--- What you will do ---
Go to the line containing "21. Кутије као значајна играчка" and retype it and every later line exactly as written, up to the last line of the entries. Keep pictures out.
****
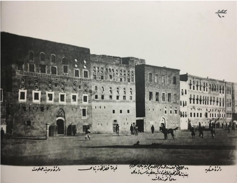
San'a resmî binalar; hükümet konağı, telgrafhane, mahkeme, askeriye 122
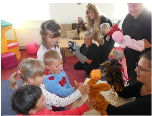
Den otevřených dveří v azylovém domě

Zpravodaj je vydáván pouze pro interní potřebu organizace Sociální služby Šternberk, p. o.
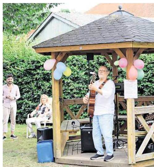
Auch Gäste aus Nah und Fern sind zum Sommerfest in Elze eingeladen.

Seit 2012 findet in Elze regelmäßig ein Sommerfest statt. Dieses wird vom Dorfbild Elze gemeinsam mit dem Deutschen Roten Kreuz organisiert.
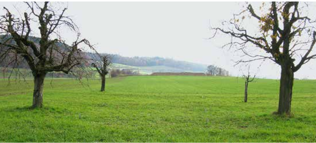
Abb. 1 | Am meisten Mykorrhiza-Pilzarten weisen Naturwiesen auf, danach folgen schonend bearbeitete, vielfältig bebaute Ackerböden mit Kunstwiesenanteil: Boden-Dauerbeobachtungsstandort Niederösch, Kanton Bern (im Vordergrund die wenig intensiv genutzte Naturwiese, daran anschliessend die Ackerfläche, 2009 mit einer Kunstwiese).

Auskünfte: Claudia Maurer, E-Mail: claudia.maurer@vol.be.ch
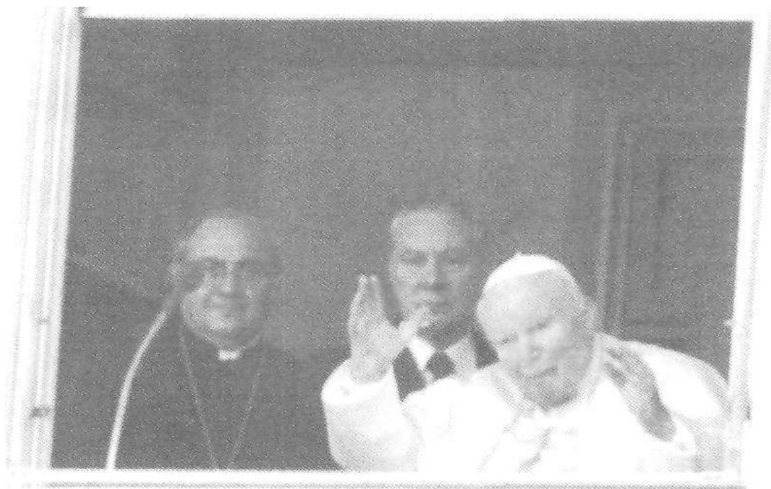
Aita Santua, Leonardo Sandri gotzaina –ezkerrean- eta bere laguntzaile bat, igandeko agerraldian

Egonaldi honetan bisita kopuru murriztak izan zituen Joan Paulo II.ak. Baina aipagarriena, mundu guztian ospatu ziren
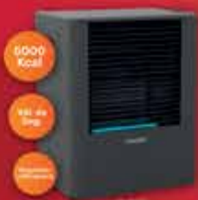
ESTUFA GARRAFERA COPPENS
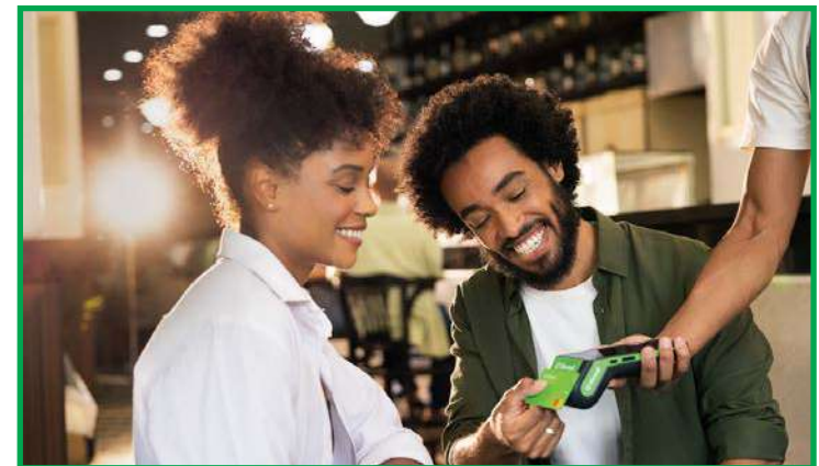
Consumidor: preste atenção nas transações

"Não clicar em links ou baixar arquivos recebidos por e-mail. Evitar realizar transações via redes de wi-fi públicas e jamais compartilhar senhas em redes sociais, principalmente whatsapp", diz ela ao alertar sobre qualquer tipo de taxa que apareça ao fim da transação, pois o pix deve ser oferecido gratuitamente para pessoas físicas, com limite de 30 transações por mês, por todas as instituições financeiras. Já
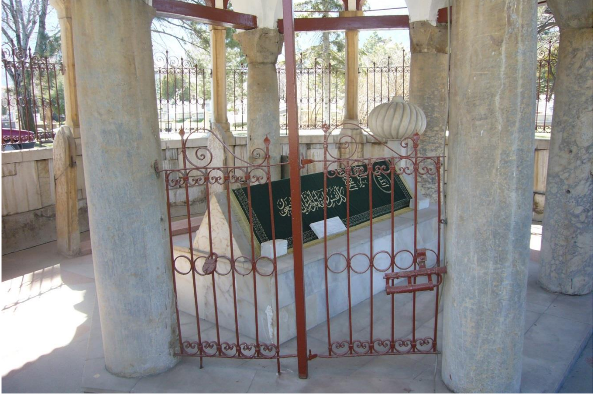
Resim 3.9. Nasreddin Hoca Türbesi İç Görünüm

“Günümüze büyük değişiklikler geçirdikten sonra ulaşan türbe, iki bölümden oluşur. Tarihi belgelerden edinilen bilgiye göre, 14. yüzyılda yapılmış ve 6 yuvarlak sütun üzerine oturtmuştur. Sonradan dışa, 12 desteğe oturan revak görünümlü çokgen kuruluş yapılmıştır. Türbenin dört tarafının açık, bir tarafının asma kilitle kapalı olması Nasreddin Hoca'nın mizah anlayışının göstergesidir” (Akşehir Kataloğu 2011) (Resim 3.9.).
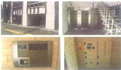
■1階部分■ インターホン 郵便受・宅配BOX
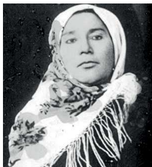
Манкъулидхуъруьн- вийрин мецера къе- далди Эминат Мала тиловадин баядар ама
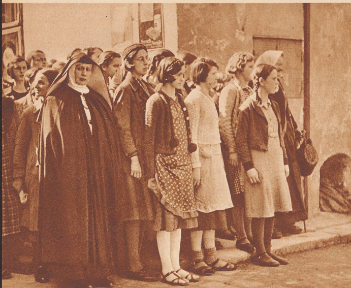
Schülerinnen einer öffentlichen Lehranstalt in Freistadt (Ober-Oesterreich), unter Aufsicht ihrer geistlichen Lehrerin, als Zuschauer ... Sous le regard de leur directrice spirituelle, elles assistent ...
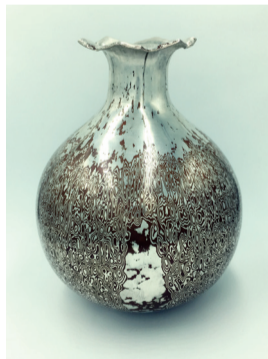
《石榴水滴》 木纹金瓶 直径18cm
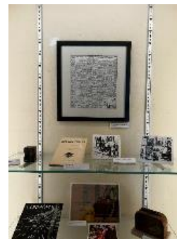
Exposição "Cosmópolis". Abr/2024.
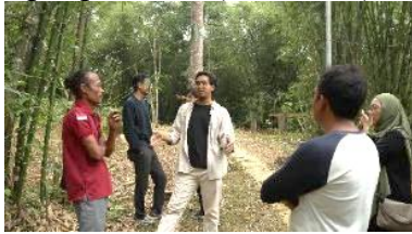
Gambar 1. Proses Koordinasi Bersama Stakeholder

menjadi fokus kegiatan, yaitu produksi, pemasaran dan branding, serta manajemen usaha, yang secara sistematis membentuk rantai nilai produk bambu dari proses awal hingga siap dipasarkan (Gambar 2).
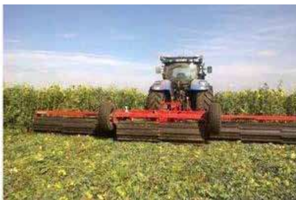
Uništavanje živog malča valjanjem
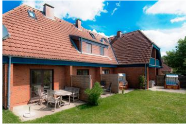
Ansicht von Wohnung 1-3

Die Unterkunft verteilt sich über EG und 1.OG.
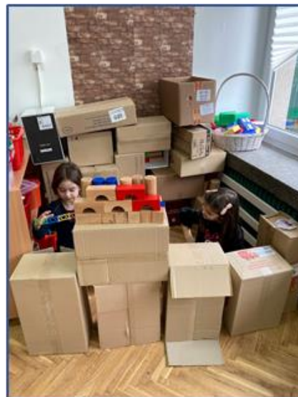
21. Кутије као значајна играчка

Да би дошли до заинтересованости деце, васпитач стално ради на провокацији дечје природне потребе за трагањем.
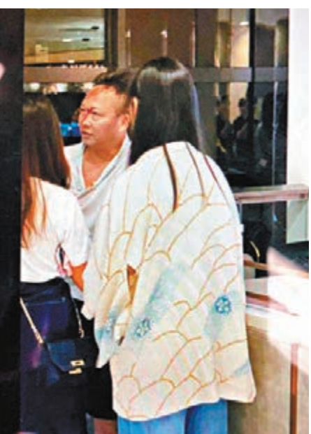
綽號「超人」的休班警員被多名黑衣暴徒圍毆受傷,送院治理。
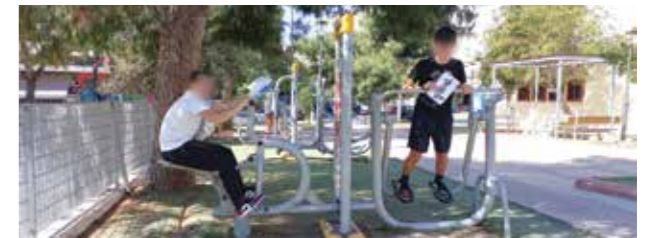
Βρήκαμε και όργανα γυμναστικής!
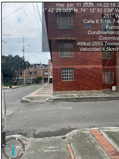
Ilustración 3. Evidencias recorrido
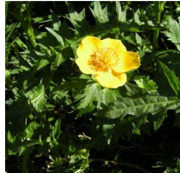
ミヤマキンポウゲ
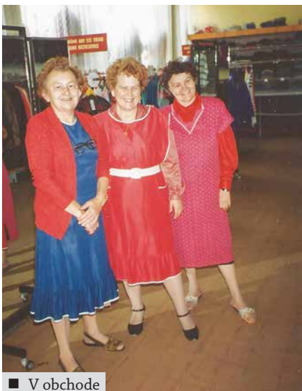
■ V obchode
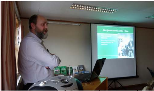
Om utvandring til Amerika
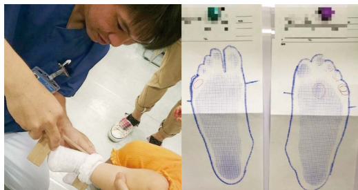
幼稚園や子育てサロンなどで足の講習会
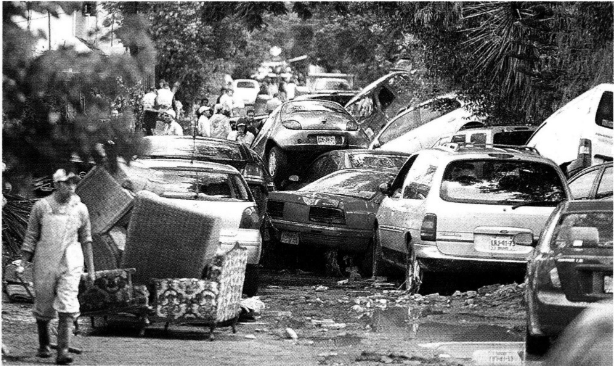
Decenas de automóviles fueron arrastrados por la corriente
****
--- Written answer ---
21. Кутије као значајна играчка

Да би дошли до заинтересованости деце, васпитач стално ради на провокацији дечје природне потребе за трагањем.
綽號「超人」的休班警員被多名黑衣暴徒圍毆受傷,送院治理。
Βρήκαμε και όργανα γυμναστικής!
Ilustración 3. Evidencias recorrido
ミヤマキンポウゲ
■ V obchode
Om utvandring til Amerika
幼稚園や子育てサロンなどで足の講習会
Decenas de automóviles fueron arrastrados por la corriente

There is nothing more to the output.